O desafio da regulação e a soberania digital
Ao abordar a governança global, o presidente comparou o advento da inteligência artificial a outros marcos da história humana, como a aviação, a energia nuclear e a engenharia genética. O líder brasileiro ressaltou a natureza dual dessas tecnologias: embora possuam um potencial vasto para elevar o bem-estar social, também carregam riscos significativos que não podem ser negligenciados pelas autoridades internacionais.
Segundo o mandatário, enquanto a revolução digital impulsiona a produtividade industrial, a medicina e a segurança alimentar, ela também abre margem para práticas nefastas. Entre as preocupações citadas estão o uso de armas autônomas, a disseminação de discursos de ódio e a propagação de desinformação. Lula alertou especificamente sobre como conteúdos manipulados por IA podem distorcer processos eleitorais, representando uma ameaça direta às instituições democráticas.

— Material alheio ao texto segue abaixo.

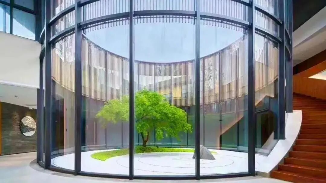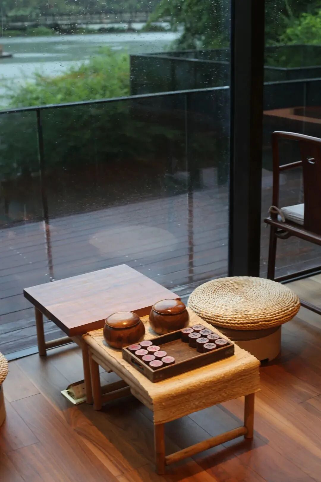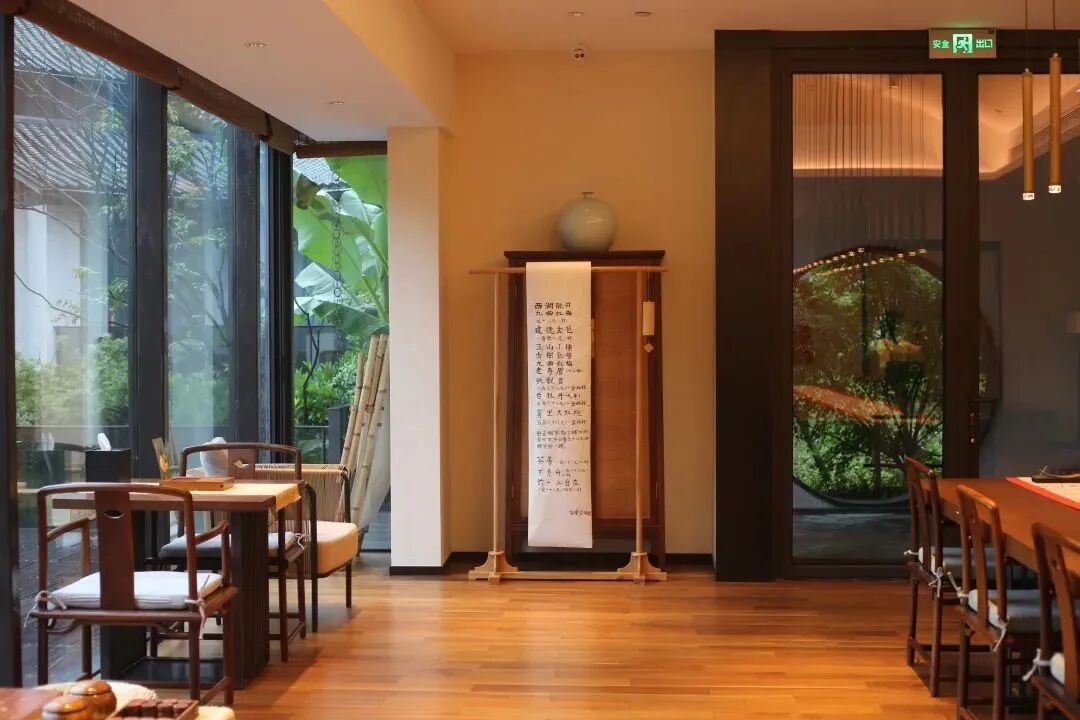最让我眼前一亮的便是面向户外的落地窗景,满目葱绿都被呈现在眼前。中式的桌台上放着艺术品,坐在地垫上读书品茶,旁边便是观景鱼池,禅意十足。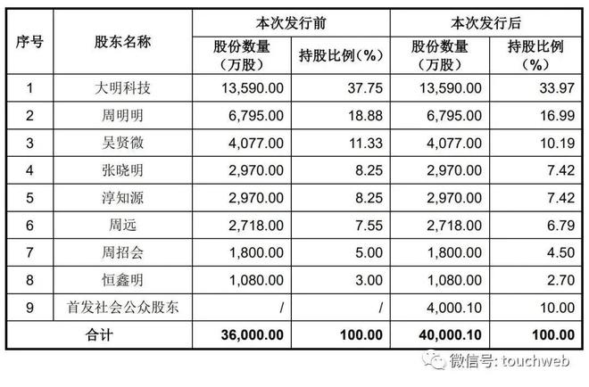 IPO后,大明科技持股为33.97%,周明明持股为16.99%,吴贤微持股为10.19%,张晓明、淳知源分别持股为7.42%,周远持股为6.79%,周招会持股为4.5%,恒鑫明持股为2.7%。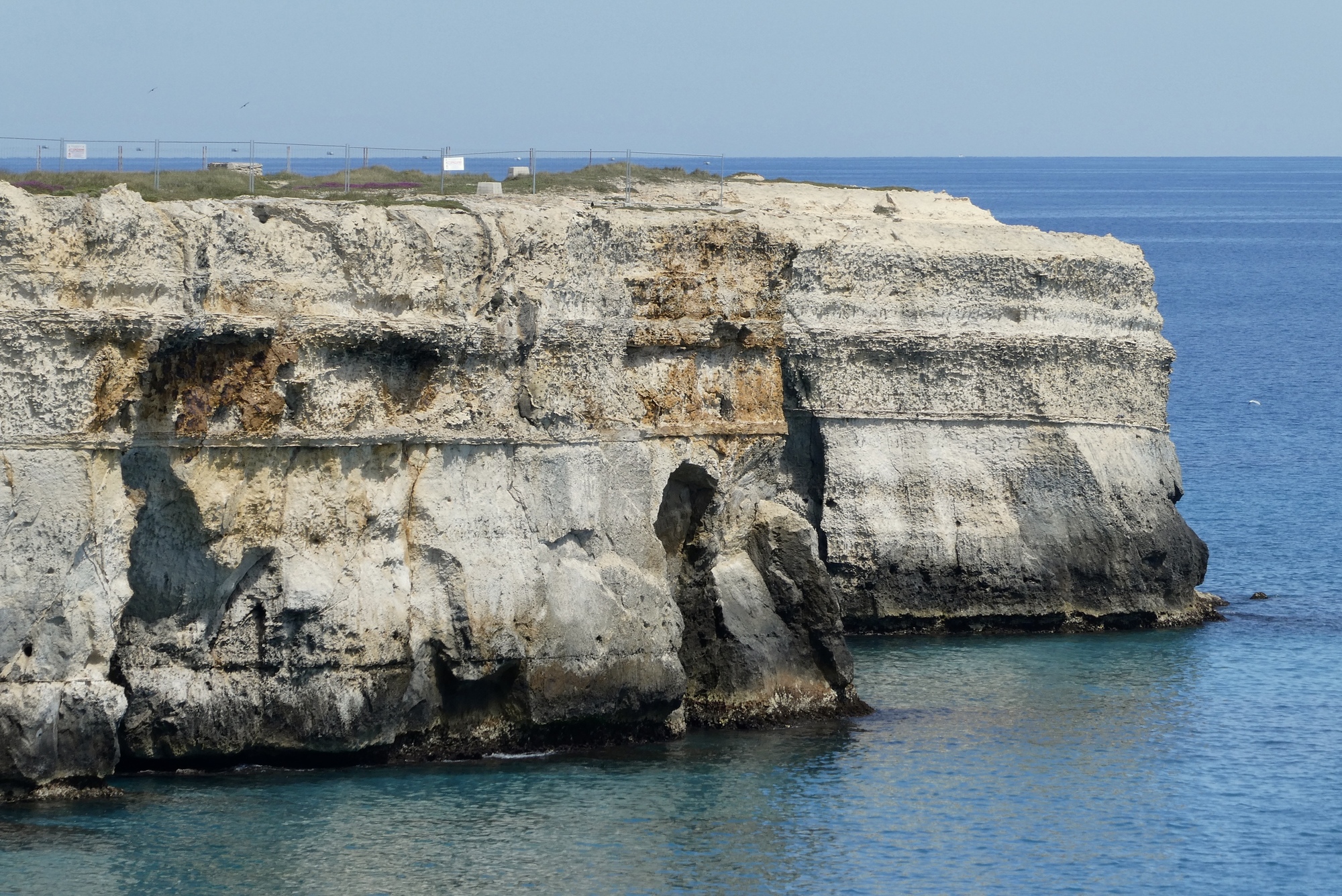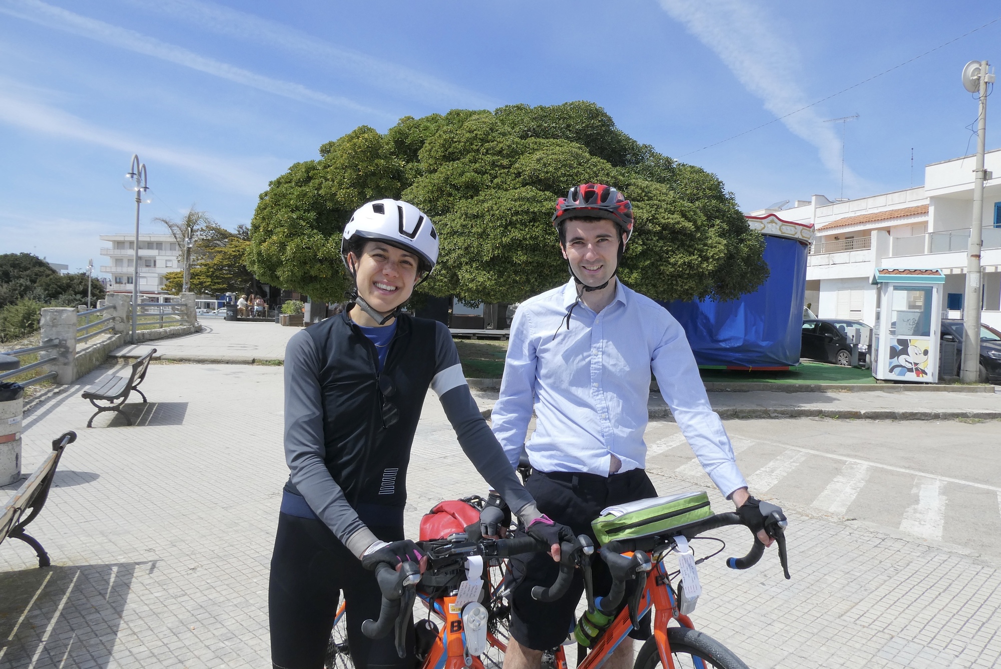 I finally reached the coast at Torre del’Orso, a fairly lively town with a nice sandy beach along the cove. Although I’d been layered up most of the morning, there were several young boys splashing about in the sea. The scene called to mind the two cyclists I’d met this morning who’d gone for a morning swim before checking out of the hotel and heading to Lecce. And just like that, there they were - Helena and Edmund, young Brits from Winchester on a 5-day self-guided tour of Puglia. Along with the usual topics of conversation, Helena pointed out Albania, it’s snow-capped mountains barely visible on this partly cloudy day. And she shared the interesting fact that snow was once brought over on ships from Albania to Puglia. Indeed, a later google search affirmed her story - in the 18th century snow was shipped over, stored in cisterns, and used to cool medicines.

Cooperação internacional e o papel do multilateralismo
A defesa de uma estrutura de governança global surge em um momento que Lula classifica como de enfraquecimento do multilateralismo. O presidente sustenta que o ritmo acelerado do desenvolvimento tecnológico exige uma resposta coordenada entre as nações, garantindo que o progresso não resulte na precarização do trabalho ou no aumento da violência digital contra grupos vulneráveis, incluindo mulheres e crianças.
A agenda na Índia não se limitou ao painel sobre tecnologia. Após o evento, o presidente brasileiro seguiu para uma reunião bilateral com o primeiro-ministro Narendra Modi. O encontro visou estreitar os laços econômicos e tecnológicos entre os dois países, que buscam ampliar sua influência em fóruns internacionais. Esta é a quinta vez que Lula visita a Índia, reforçando a importância estratégica do país asiático na política externa brasileira.

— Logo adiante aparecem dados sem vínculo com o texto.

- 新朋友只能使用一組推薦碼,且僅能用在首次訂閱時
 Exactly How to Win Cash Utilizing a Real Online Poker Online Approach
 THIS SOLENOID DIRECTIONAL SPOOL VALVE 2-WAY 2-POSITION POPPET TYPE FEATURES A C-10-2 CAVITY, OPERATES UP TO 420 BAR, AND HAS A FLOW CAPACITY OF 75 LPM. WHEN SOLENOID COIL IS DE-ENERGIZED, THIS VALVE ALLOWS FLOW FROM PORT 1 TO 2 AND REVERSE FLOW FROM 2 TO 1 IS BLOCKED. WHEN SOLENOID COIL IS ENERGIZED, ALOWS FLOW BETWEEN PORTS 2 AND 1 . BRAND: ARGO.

Diálogo bilateral e reformas institucionais
Além da pauta tecnológica, a conversa entre os líderes abordou a necessidade de reformas estruturais em organismos internacionais. Lula reiterou o compromisso do Brasil com a reformulação das Nações Unidas e de seu Conselho de Segurança, argumentando que a governança mundial atual não reflete mais a realidade geopolítica do século 21.

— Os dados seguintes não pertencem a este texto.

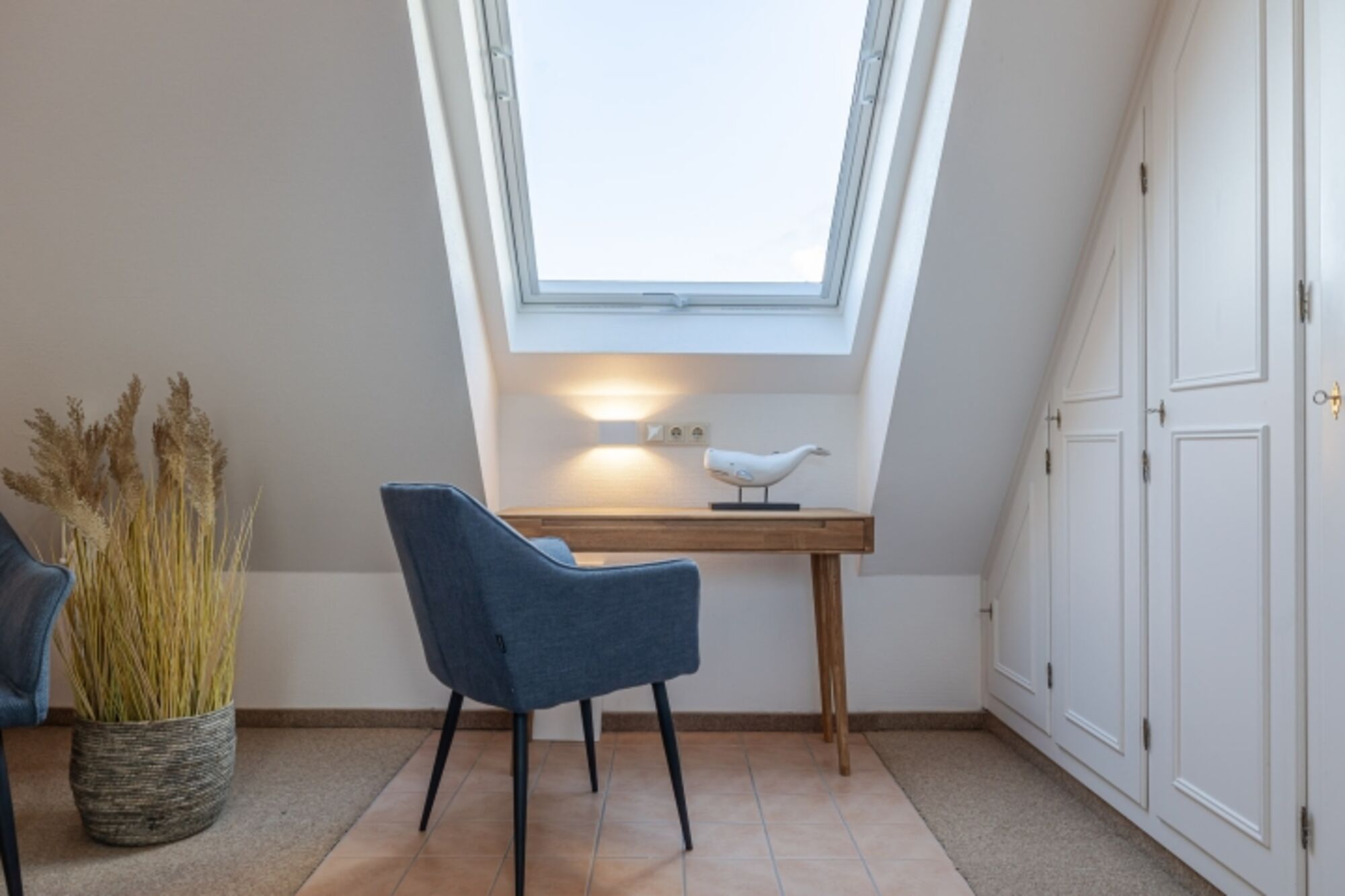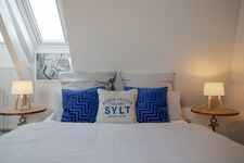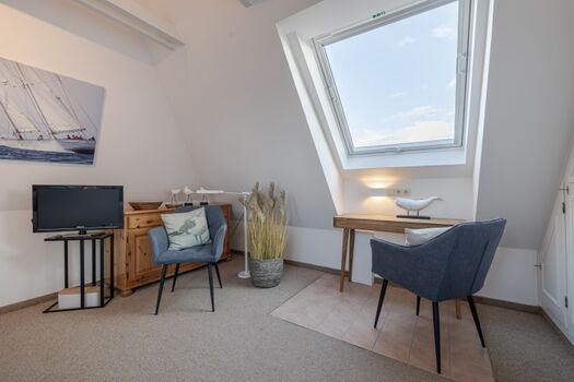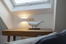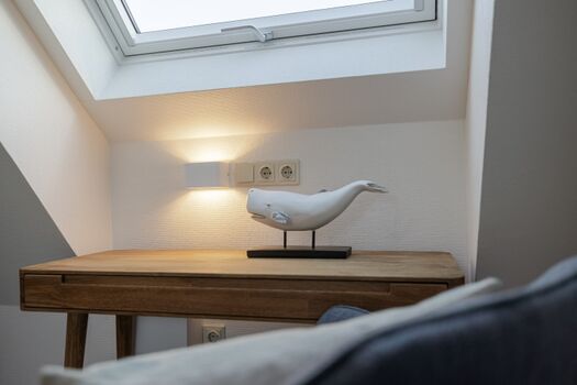 Unter dem Dach eröffnet sich ein weiterer, lichtdurchfluteter Rückzugsort: ein Schlafzimmer mit charmanten Schrägen, ebenfalls mit einem 160x200 cm Bett, viel Stauraum und einem kleinen Arbeitsplatz direkt am Dachfenster, der den Blick in den Himmel freigibt. Ein eigenes Badezimmer mit Badewanne verleiht diesem Bereich eine wohltuend private Note.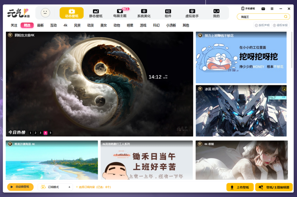 元气动态桌面2025免费版是一款非常好用的桌面美化软件的你,这里提供了丰富的动态壁纸和互动效果,能够为用户的桌面环境提供动感和活力,元气动态桌面电脑版可以让用户的桌面背景变得更加生动有活力,不仅能够展示各种高清壁纸,还可以设置视频和动态效果。

Os chefes de Estado também trocaram impressões sobre temas sensíveis da conjuntura internacional, como o compromisso com a paz na região de Gaza, o respeito à soberania das nações e a manutenção do comércio internacional justo. Para o governo brasileiro, a discussão sobre a inteligência artificial é indissociável da estabilidade política e do desenvolvimento sustentável global.